In contrast, floating point uses a more flexible format to represent a much wider range of values. A floating point number consists of a sign bit, an exponent and a mantissa. The mantissa stores the precision bits while the exponent allows the number to cover a large dynamic range. Floating point can represent very large and very small numbers, with up to 24 bits of precision in single precision format. However, floating point math is more complex and usually slower than fixed point.

Fixed Point Math on Cortex-M4F

The Cortex-M4F processor contains a 32-bit ALU and barrel shifter that can efficiently perform fixed point math operations. Addition, subtraction, multiplication and bitwise logic ops execute in a single cycle. The processor also supports a range of saturating arithmetic instructions like QADD and QDADD which saturate results to the available quantization range rather than overflowing. This matches well to typical digital signal processing requirements.
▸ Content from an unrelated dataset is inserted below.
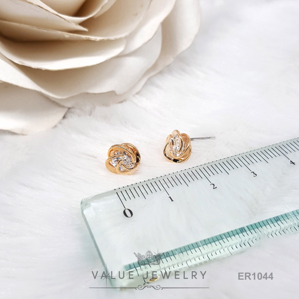 ต่างหูแป้น ประดับคริสตัลแท้ เม็ดกลม ล้อมลายสาน มี2สี ขนาดเล็ก ตุ้มหู เครื่องประดับ ER0147 ER1044 ValueJewelry

Being a 32-bit CPU, the Cortex-M4F can perform single cycle 32×32->32-bit multiplies. This allows efficient implementations of multiply-accumulate DSP algorithms using Q31 or Q15 x Q15 -> Q31 data types. The barrel shifter also enables efficient normalization and scaling operations during accumulate chains.

Division and remainder operations on the Cortex-M4 take between 3-12 cycles depending on the implementation. High performance fixed point division can be achieved using the ARM Compiler intrinsic __aeabi_idivmod which produces modulo optimized division routines. Alternately, lookup table approximations may be used if timing is critical.
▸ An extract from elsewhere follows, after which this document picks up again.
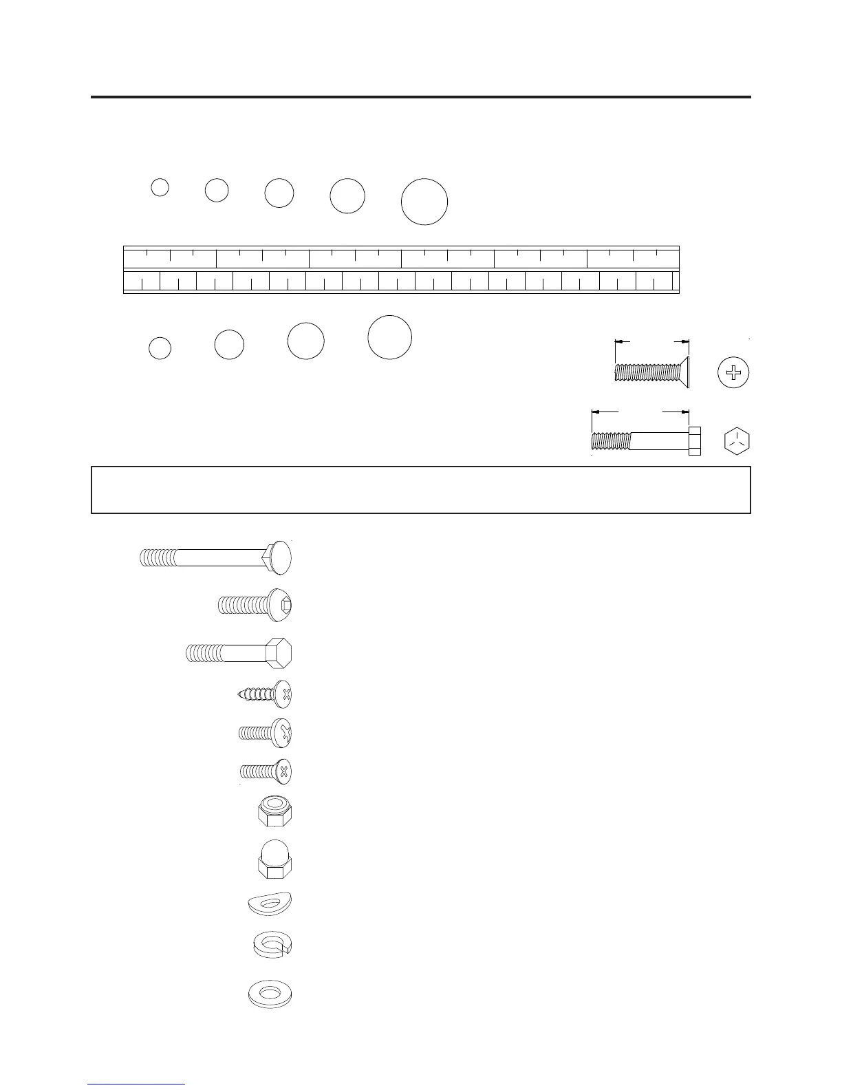 This chart is provided to help identify the hardware used in the assembly process. Place the washers, the

The Cortex-M4F also includes some useful saturation logic operations like QADD8, QSUB8 and QDADD which saturate results to 8-bit limits. These can accelerate specific multimedia and DSP algorithms.

Floating Point Math on Cortex-M4F

The Cortex-M4F has full hardware floating point support compliant with the ARM VFPv4 architecture. This includes single precision (32-bit) and double precision (64-bit) operations. The VFP unit is an optional component that may or may not be implemented in a particular Cortex-M4F silicon.

When enabled, the VFP unit provides low latency floating point instructions executing in as little as 1 cycle for adds/subtracts up to 7 cycles for divides. Loads and stores are single cycle. Floating point code density is improved compared to earlier VFP versions, with most instructions now encoding to a single 32-bit word.

The VFP architecture includes SIMD instructions for operating on multiple floats in parallel. This allows 2x 32-bit or 4x 16-bit floats to be processed per instruction. SIMD acceleration is valuable for DSP algorithms like FIR filters and matrix math.

Hardware support for conversions between fixed and floating point data types is also provided via VCVT instructions. Saturation logic on conversion can emulate fixed point overflow behavior.

One downside of the VFP unit is increased power consumption versus fixed point logic. Floating point code also requires about 2x the flash footprint compared to equivalent fixed point routines.

Precision and Range Comparison

For a given word size, fixed point provides better precision but a smaller dynamic range compared to floating point. For example 16-bit fixed point has 16 bits of precision which is better than half precision floats. But the range is limited to [-32768, 32767] vs [-65504, 65504] for half precision.

In 32-bit precision, floating point gains the advantage in both precision and range. Single precision floats have 24 bits of mantissa precision and a huge dynamic range of +/- 3.4e38. In comparison, Q31 fixed point is limited to 32 bits of precision and [-2147483648, 2147483647] range.

Application requirements determine whether this wide dynamic range is actually needed. The increased range of floats comes at a cost of reduced precision and higher coding overhead. For applications like DSP filters fixed point is often sufficient and more efficient.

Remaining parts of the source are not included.